The four-minute 'Requiem Mass' remixed version of "Modigliani (Lost in Your Eyes)" was featured in an episode of Miami Vice on November 6, 1987, and both the original single and 'Requiem Mass' remix were used in the 1987 film Planes, Trains and Automobiles.

In 1987, Philadelphia-based satirical punk rock band The Dead Milkmen released a single ironically titled "Instant Club Hit (You'll Dance to Anything)", which hurled insults about the fans of then current popular club artists, calling them "pathetic", "art fags", "boring bisexuals", and "Danceteria types". Book of Love was specifically named with other bands The Smiths, Depeche Mode, and Public Image Ltd. with the line, "you'll dance to anything by Book of Love". The end of the song effectively lumped the bands together as "a bunch of stupid Europeans who come over here with their big hairdos intent on taking our money instead of giving your cash, where it belongs, to a decent American artist like myself."

In November 1988, the album Book of Love was made available on CD for the first time. The new CD edition included five bonus remixes.
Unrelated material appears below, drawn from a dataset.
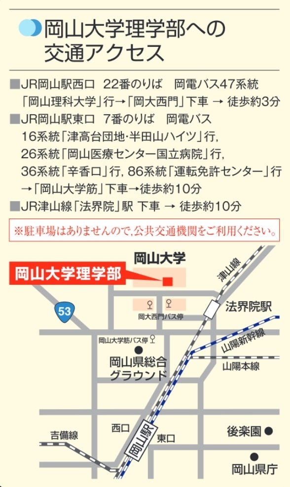 〒700-8530 岡山県岡山市北区津島中3-1-1 岡山大学津島キャンパス

===Lullaby album and the Lullaby Tour (1987–1989)===
Promotional duties and non-stop touring in support of Depeche Mode's Black Celebration tour had kept Book of Love from entering the studio to lay down ideas for their second record. In a 2009 interview, Ted Ottaviano stated, "It's the classic story. We weren't quite sure where the first album would take us, and it ended up taking us on a ride. But then we had to turn right around and write and record songs for the follow-up. I'm not sure we had enough distance, enough time, to fully grasp what this meant or entailed." In the spring of 1987, the band was finally able to lay down some demos for the next record, writing the new songs between March through August.
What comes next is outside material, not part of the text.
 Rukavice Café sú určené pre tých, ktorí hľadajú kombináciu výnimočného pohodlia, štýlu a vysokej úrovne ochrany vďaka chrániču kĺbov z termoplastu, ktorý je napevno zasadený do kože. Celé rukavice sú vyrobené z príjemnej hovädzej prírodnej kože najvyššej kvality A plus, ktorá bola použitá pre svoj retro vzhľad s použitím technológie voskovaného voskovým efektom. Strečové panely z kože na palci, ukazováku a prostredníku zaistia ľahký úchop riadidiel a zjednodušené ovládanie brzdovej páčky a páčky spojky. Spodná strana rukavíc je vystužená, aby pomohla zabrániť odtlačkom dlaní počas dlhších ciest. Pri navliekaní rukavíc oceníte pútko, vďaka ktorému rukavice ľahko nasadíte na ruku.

In late September 1987, the band eventually convened at D+D Recording and Unique Recording Studios in New York to record with esteemed producer Mark Ellis, aka Flood (Depeche Mode, Erasure, Nitzer Ebb, Nine Inch Nails), who had just produced Erasure's The Circus the previous year, along with engineering on U2's The Joshua Tree. Flood co-produced the record with Ted Ottaviano. Reflecting on the recording in 2009, Susan Ottaviano stated, "It was great to be part of some of Ted's Cecil B. DeMille-styled productions. We had a full orchestra and a bagpipe player wearing a kilt for the song "Lullaby". We also recorded the organ at Cathedral of St. John the Divine (NYC) for "With a Little Love". It was such an amazing experience." The cathedral organ drenched, "With A Little Love", marked the first Book Of Love song to feature Ted Ottaviano on lead vocals. On recording with Flood, Ted Ottaviano stated, "We spent one night there, from about 10 pm to 6 am. Flood miked the entire cathedral. He was totally game for what we wanted to do."
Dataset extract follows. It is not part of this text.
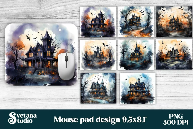 Use these Halloween haunted house mouse pad sublimation designs to create mouse pad for you and your friends.

In December 1987, the band recorded their cover version of the song "We Three Kings", adding their own twist to the Christmas carol. The song was featured alongside tracks by Erasure, The Pretenders, Prince, and The Ramones, on the Warner Bros. Records promotional holiday album compilation Yulesville, released in late 1987. Recording in New York ended on December 18, 1987, with the band reuniting with Flood on January 1, 1988 to record vocals at the Great Hall at Hansa Tonstudio Berlin. Flood mixed "Melt My Heart" and "Champagne Wishes" and the recording of the album was finished. The remaining eight tracks were mixed by Alan Meyerson in L.A. in February, and the album mastered in March at Sterling Sound.

Preceding the album, the first single, "Pretty Boys and Pretty Girls" was released on May 24, 1988. "Pretty Boys and Pretty Girls" became one of the first songs to address the issue of the AIDS epidemic with its lyric of "Strangers in the night exchanging glances, but sex is dangerous, I don't take my chances ... safe sex, safe sex." The song became the band's highest-charting single at no. 90 in the Billboard Hot 100, and the only moment crossing over into mainstream pop. In the dance clubs, the song was a smash, and made it to no. 5 on the Hot Dance Club Play Chart, spending 11 weeks on the chart. A music video for "Pretty Boys And Pretty Girls" was shot by director Carlos Grosso and released to promote the new album.

Book of Love's second album Lullaby was released on June 21, 1988, and spent ten weeks on the Billboard 200, peaking at no. 156, the highest album placement of their career. The album sleeve is a photograph from 1872 of a girl posing as cupid, titled "Cupid Considering", by Julia Margaret Cameron, from the International Museum of Photography at George Eastman House. Opening the album is a cover of Mike Oldfield's "Tubular Bells", originally made famous as the theme from the horror movie The Exorcist. For the track, the band sampled Lauren Roselli channeling Linda Blair's role as Regan, crying "Mother, make it stop!" It flows seamlessly into the second track on the album, the first single "Pretty Boys and Pretty Girls". The two tracks were also remixed into a 14:25 minute extended medley version on the single.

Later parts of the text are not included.